Столичные тузы, люди умудренные и молодежь постоянно толклись в ее доме. Это неудивительно. От княгини не слышали пустых речей, вздора, которые даже в устах молодых и хорошеньких дам так раздражают мужчин: ведь их смирение перед благоглупостями – показное и временное.

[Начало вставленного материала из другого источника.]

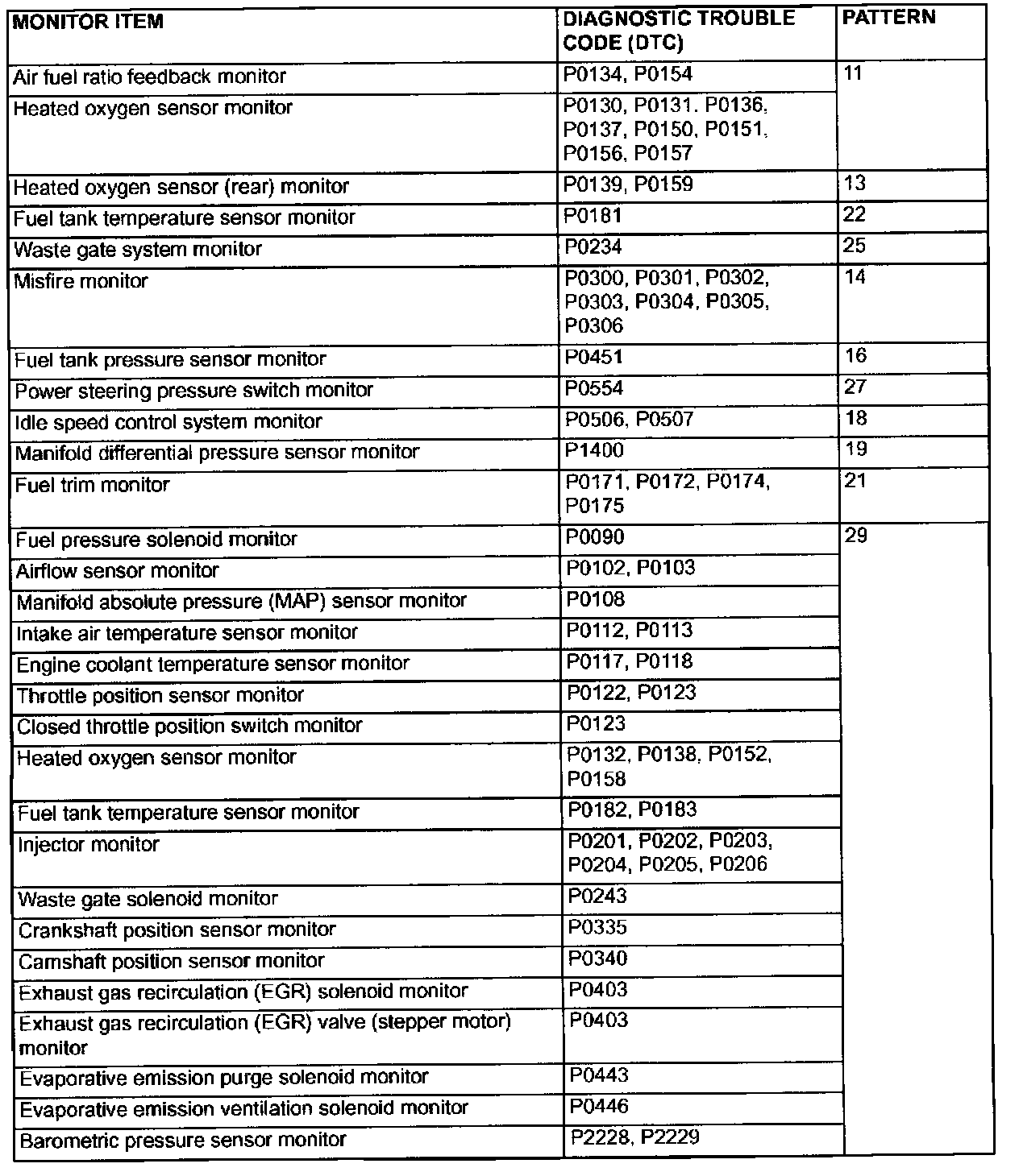 Drive cycle patterns are not established for Vehicle speed sensor monitor (DTC P0500) Closed throttle position switch monitor (DTC P0510). Power steering pressure switch monitor (P0551). Please reference the MUT data list to judge whether these monitor items are normal.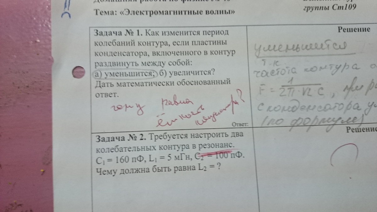 d - расстояние между пластинами, при увеличении d емкость С уменьшается, период тоже.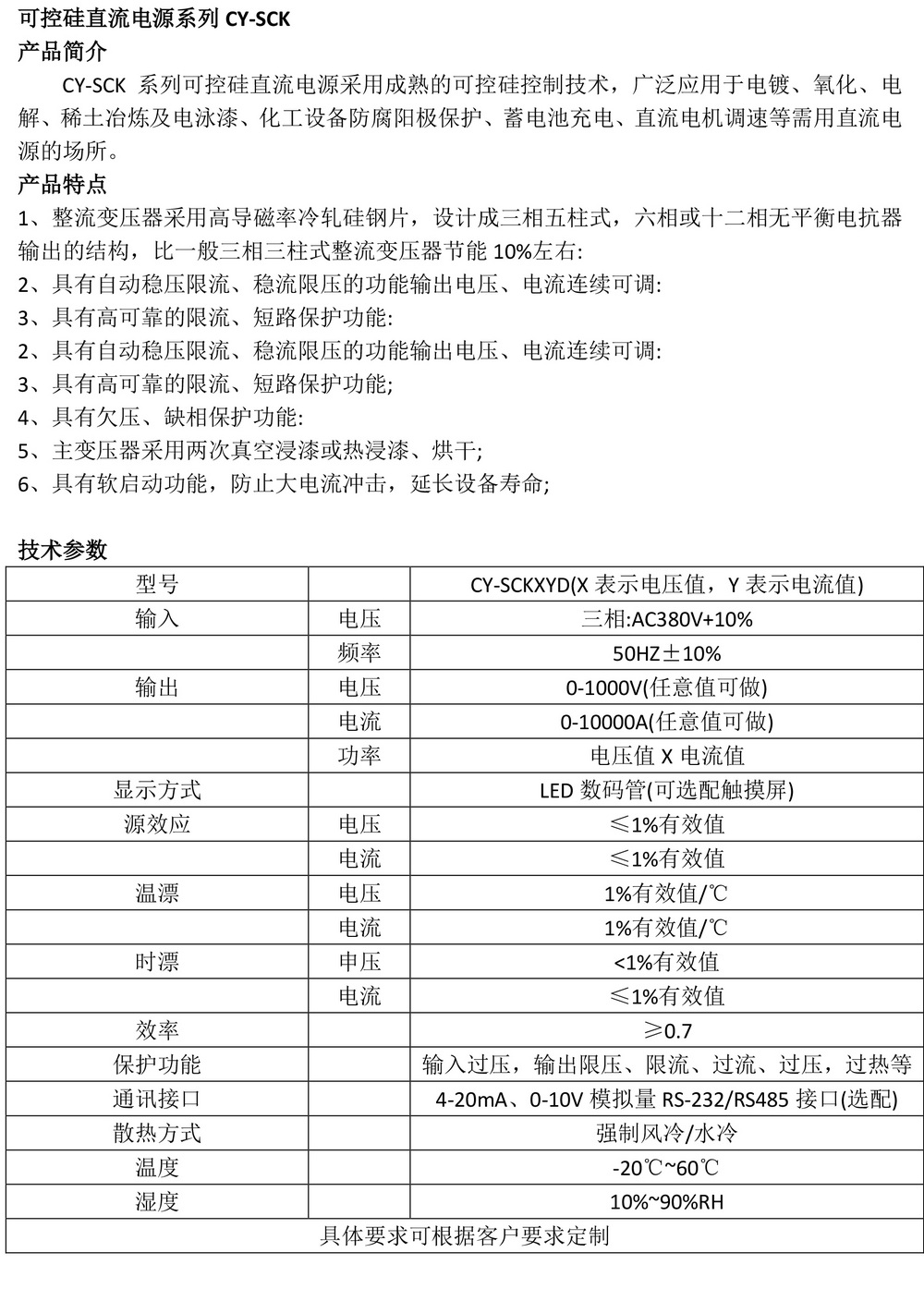 可控硅直流電源系列CY-SCK

К Шаховской ездили за деловым советом, доверяли семейные секреты, зная, что дальше нее ничего из сказанного не уйдет.
* * *
Через восемь лет после смерти дочери Шаховская обратилась к работавшему тогда, в Петербурге, очень модному среди знати художнику-французу Жану-Лорану Монье и попросила его написать большой портрет покойной дочери.
Большой портрет погибшей дочери Варвара Александровна заказала спустя несколько лет после семейной трагедии, стараясь уберечь черты любимого дитя для будущего, для подрастающей внучки. Обращают на себя внимание изумительно написанные художником руки молодой женщины – руки музыкантши, арфистки, – так неожиданно и страшно оборвавшей мелодию своей жизни.

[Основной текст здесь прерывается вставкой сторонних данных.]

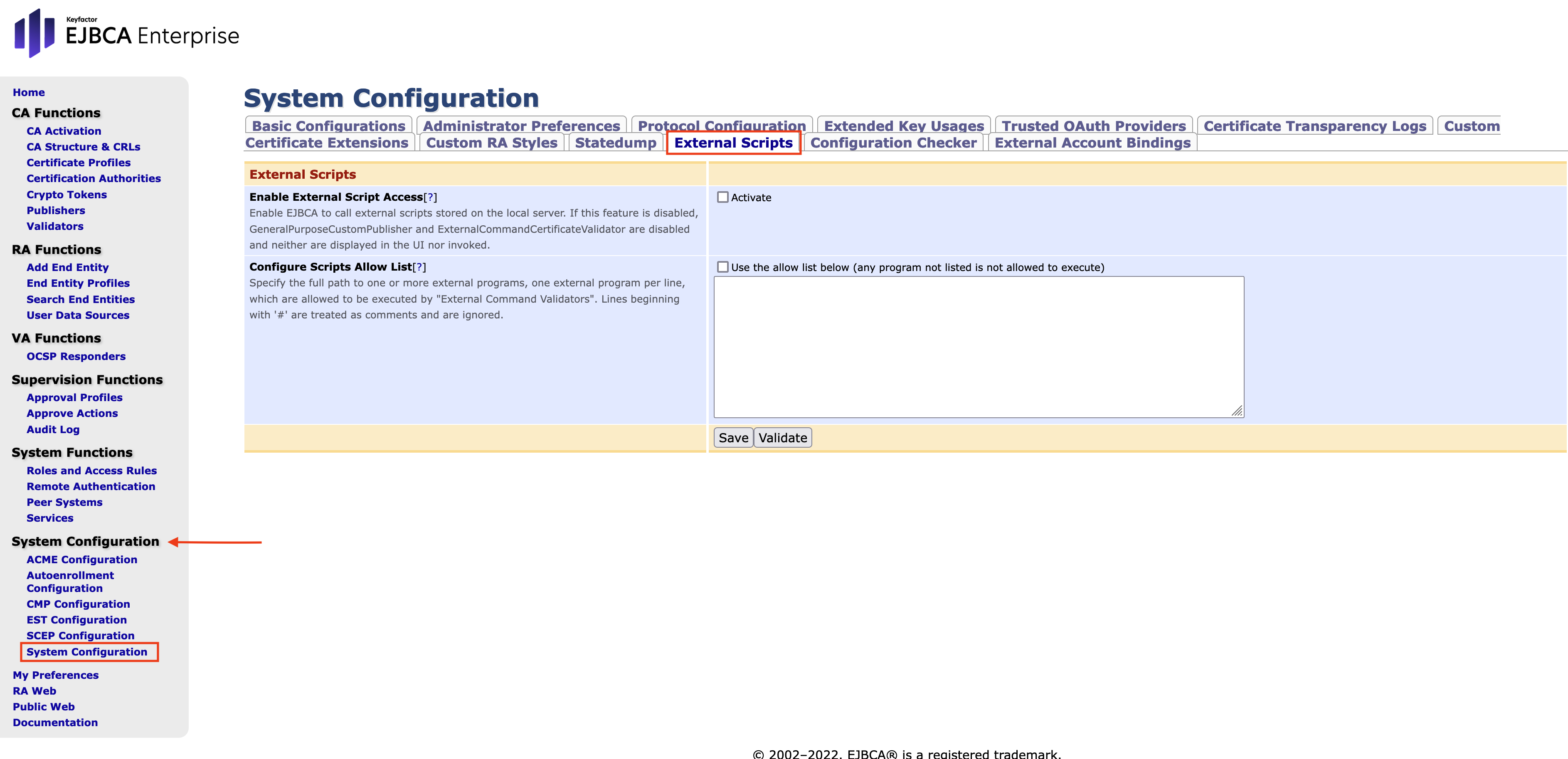 - Open the EJBCA Enterprise. In the sidebar, in the System Configuration section, select System Configuration.

Тот, избалованный обилием заказов, отнекивался, и это понятно: любой художник подтвердит, что такая работа изнурительна и неблагодарна. Но в конце концов Монье сдался: напору Шаховской трудно было противостоять.
Основой для работы послужили два миниатюрных изображения Елизаветы Борисовны, сделанные с натуры еще в Париже. Художник владел прекрасной техникой письма. Его кисть была эффектна и вместе с тем романтична. Он умел представить своих родовитых заказчиков чуть-чуть более привлекательными, нежели те были на самом деле. Это «чуть-чуть» использовалось очень деликатно и не нарушало сходства. Однако в случае с портретом Шаховской получилось несколько иначе. Если бы до нас не дошли прижизненные миниатюры несчастной Елизаветы Борисовны, можно было думать, что картинно красивая брюнетка, холодно и бесстрастно взирающая с полотна, – это она и есть. Но тут несходство бросается в глаза.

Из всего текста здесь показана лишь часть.